- Directed by: B. Narsing Rao
- Written by: B. Narsing Rao
- Screenplay by: B. Narsing Rao
- Story by: B. Narsing Rao
- Produced by: K. Mukherjee Veda Kumar
- Starring: Archana Moin Ali Beg
- Cinematography: Apurba Kishore Bir
- Music by: Ilaiyaraaja
- Release date: 1990;
- Running time: 1hr 27 min
- Country: India
- Language: Telugu

= Matti Manushulu =

Matti Manushulu is a 1990 Indian Telugu-language drama film written and directed by B. Narsing Rao and starring Archana and Moin Ali Beg. The film won the Best Feature Film in Telugu at the 38th National Film Awards, "For portraying the stark reality of pain which has been underlined with the warm hues of life" as cited by the Jury.

== Plot ==
The film explores the lives of woman labourers and construction workers of urban India.

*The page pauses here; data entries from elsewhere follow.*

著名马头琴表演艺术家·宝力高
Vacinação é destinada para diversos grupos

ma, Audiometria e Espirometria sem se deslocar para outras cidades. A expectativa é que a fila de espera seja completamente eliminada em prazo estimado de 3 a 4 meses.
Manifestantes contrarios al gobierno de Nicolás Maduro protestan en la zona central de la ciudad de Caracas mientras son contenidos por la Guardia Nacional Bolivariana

Pochamma and her husband are employed in a construction project. The women labourers in the project are sexually exploited by the contractor and the engineer. Pochamma is a dark , attractive lady and many eye her lustfully; she somehow survives the exploitation.

One day her husband develops an affair with a co labourer and elopes with her, leaving Pochamma and a baby in the arms, in lurch.

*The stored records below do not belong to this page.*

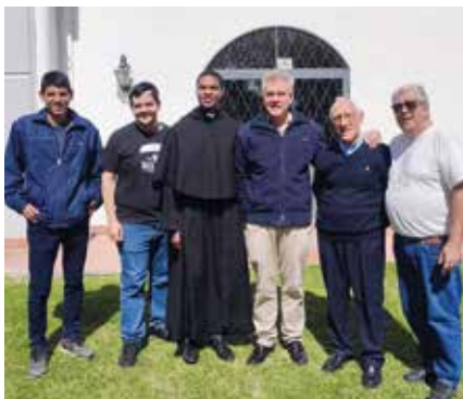
Comunidad de Salta en Ejercicios espirituales.

La gran tarea misionera consiste en el anuncio de Jesucristo. Este anuncio es creíble cuando nace de una experiencia de comunidad con Jesús y con su Espíritu y cuando tiene en cuenta el contexto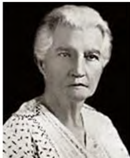
Josefa Toledo de Aguerri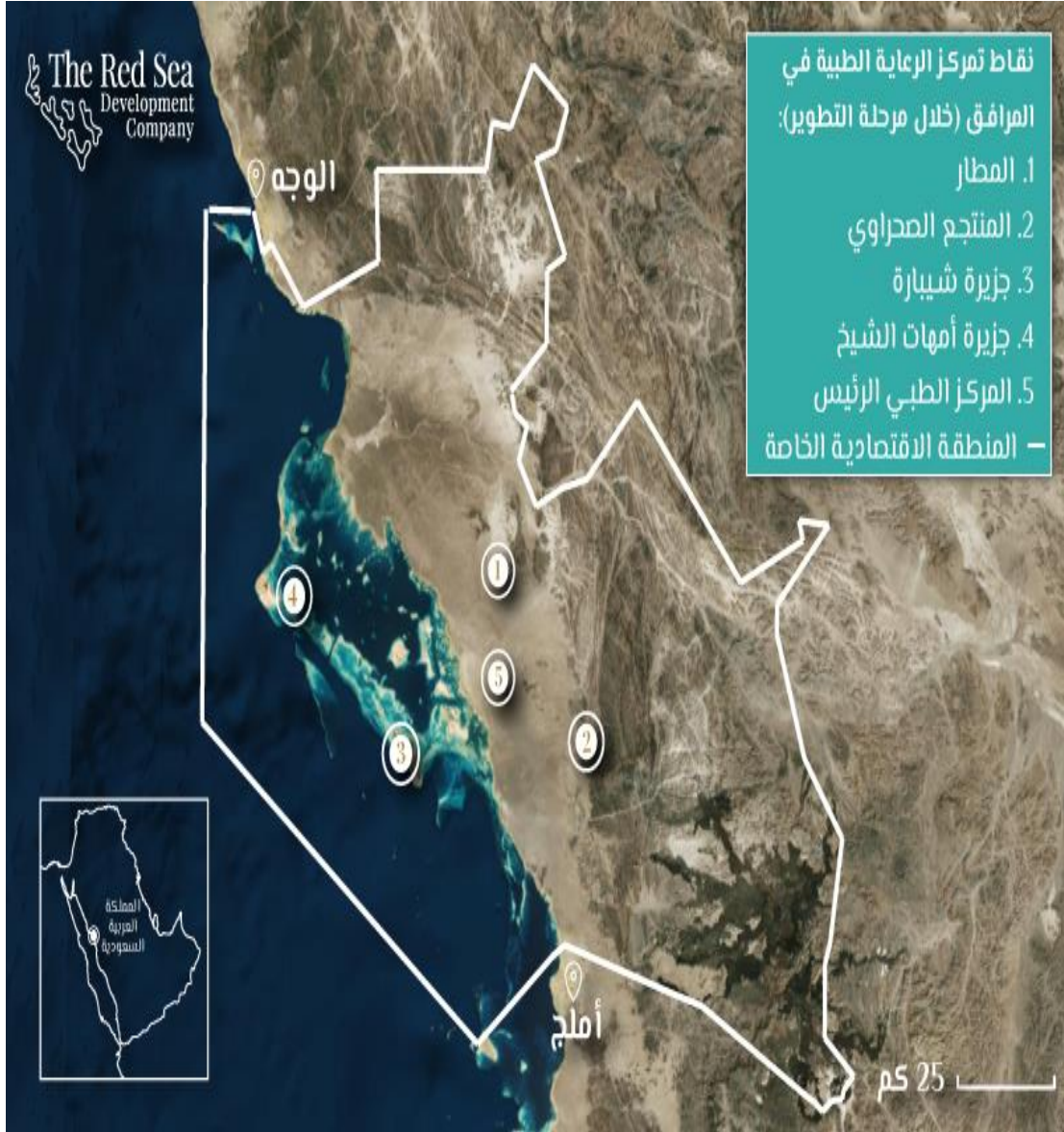
شكل ٥: مشروع البحر الأحمر السياحة الفخمة

The contractor openly makes an offer , "come to my bed or you won't be able to survive. I will see how long you can resist me!"

In the meantime Pochamma falls ill. Another contractor takes her to a doctor for treatment, buys her food and then place assaults her sexually in a secluded place.

In the closing scene they show Pochamma lying dead on the sidewalk and the child helplessly crying!

== International honors ==
The film won Diploma of Merit award at the 17th Moscow International Film Festival in 1991. It was subsequently screened at the 1990 International Film Festival of India.